In December 192 AD, for reasons that are not clear, a conspiracy formed against the emperor in his immediate circle. On the last day of the year, during a conspiracy at his court, led by Eclectus and involving his concubine Marcia, he was strangled with a rope in his bath by an athlete named Narcissus. Not long after his murder, Commodus was regarded by the senatorial elite as the third monster after Caligula and Nero on the Roman imperial throne. Commodus was subjected to the damnatio memoriae, he was denied deification and the renaming of all twelve months after his own name, which he had initiated, was revoked.
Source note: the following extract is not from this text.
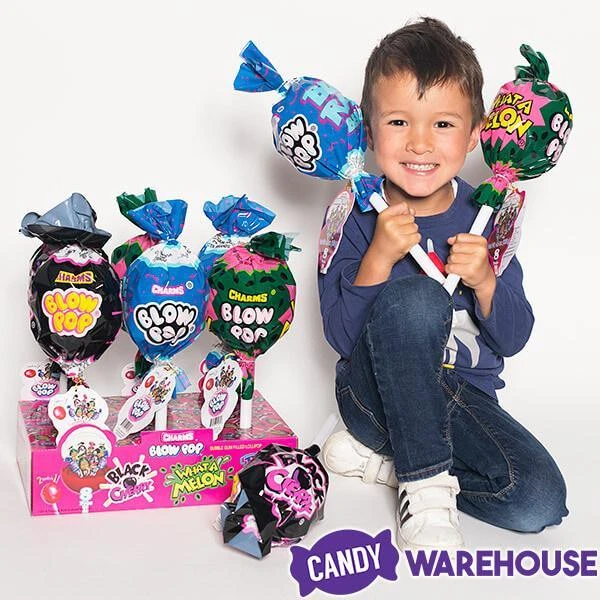 Maintain your reputation for being the hippest parent in the ‘hood by procuring this epic 6-piece display of Charms Giant Blow Pops – Fun Flavors for your kid’s party. Little people go nuts for these gargantuan Giant Blow Pops containers that lead to enormous laughs and massive amounts of fun. Each of the six prodigious plastic pops contains eight bubble gum filled lollipops — enough to make 48 excited kids hugely happy. Luscious fruit flavors lurking inside the regular-size Blow Pops lollipops include Blue Razz Berry, Black Cherry, and What a Melon. Each sucker delivers a mighty sweet hard candy shell encasing a Charms gum center for hours of bubblicious fun. Count on Candy Warehouse to carry all the classic Charms Blow Pops you love most in single-flavor and taste-bud-tantalizing assortment boxes.

Bruttia Crispina, wife of Commodus

Historical
Born: ca. 164 AD
Married: first half-year 178 AD
Died: ca. after 187 AD, at the latest 193 AD (probably on Capri)

Family
Father: Gaius Bruttius Praesens (Konsul 153 AD and 180 AD)
Mother: Valeria Marcia Hostilia Crispina Moecia Cornelia
Brother: Lucius Bruttius Quintius Crispinus (Konsul 187 AD)
Husband: Lucius Aurelius Commodus (married summer 178 AD, before 03 August)

History
Little is known about the life of Bruttia Crispina. Emperor Marcus Aurelius married Crispina to his son Commodus before the departure of the newly erupted Marcoman War, sooner than originally intended, in the summer of AD 178. Probably in June / July, but certainly before 03 August (departure of Marcus Aurelius and Commodus for the second Germanic or Sarmatian campaign). Crspina also received the title of Augusta at her wedding.

Her bad relationship with Lucilla, her husband’s sister, is said to have led to later tensions at the Roman imperial court. In the year 182/183 AD a pregnancy may have occurred. Crispina was said to have led a dissolute lifestyle. Later, she was banished by her husband to Capri for adultery and probably executed there. Both the year of banishment and the year of death are uncertain. It is not likely, however, that her banishment and death occurred before the consulship year (187 AD) of her brother L. Bruttius Quintius Crispinus, whom the emperor would not have honoured with the consulship.